Other imperative languages that support functional code either make you do things imperatively to get the "logical" ordering of functional operations like I feel Lisp pushes you to do, or they do something like Ruby where things can be chained left to right in a "single" statement even for operations that were not thought of ahead of time by the creators of opaque data structures you later need to operate on. (Everything is a user-extensible object like Ruby, unified function call syntax in D, extension methods in C#, or pipelines of structured objects in PowerShell.)

evw today at 4:20 PM
For folks that want all of this plus macros (and a lot of other great things), check out Elixir.
danlitt today at 3:46 PM
> He’s described Ruby’s design as starting from a simple Lisp, stripping out macros and s-expressions

Put the macros back!
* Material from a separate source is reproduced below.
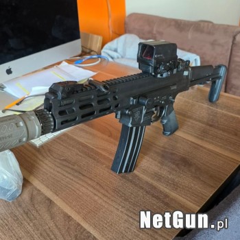 Sprzedam jak w tytule. Jak nowy, kupiony w grudniu 2025, przelot 300 sztuk. Wymieniony spust na sportowy CMC Triggers - Spust drop-in do AR15/AR10 Small Pin Competition - Jednostopniowy - Płaski język - 3.5 lb. Kolba + chwyty Magpul, gniazda QD do zawieszenia. Kolimator Vortex Crossfire, przyrządy m...

It would be so cool!

dismalaf today at 3:42 PM
I love Ruby, use it for most of my projects that don't require performance.

Nothing I would love more than a Ruby with a Common-Lisp like compiler and runtime. Unboxed types, native compilation, partial compilation, live image (Ruby has this but "faster Rubies" like Crystal don't), etc...

pjmlp today at 2:43 PM
That is actually Lisp influence on Smalltalk, and Perl, that eventually influenced Ruby.
DonHopkins today at 3:21 PM
What have the Lisps ever done for us?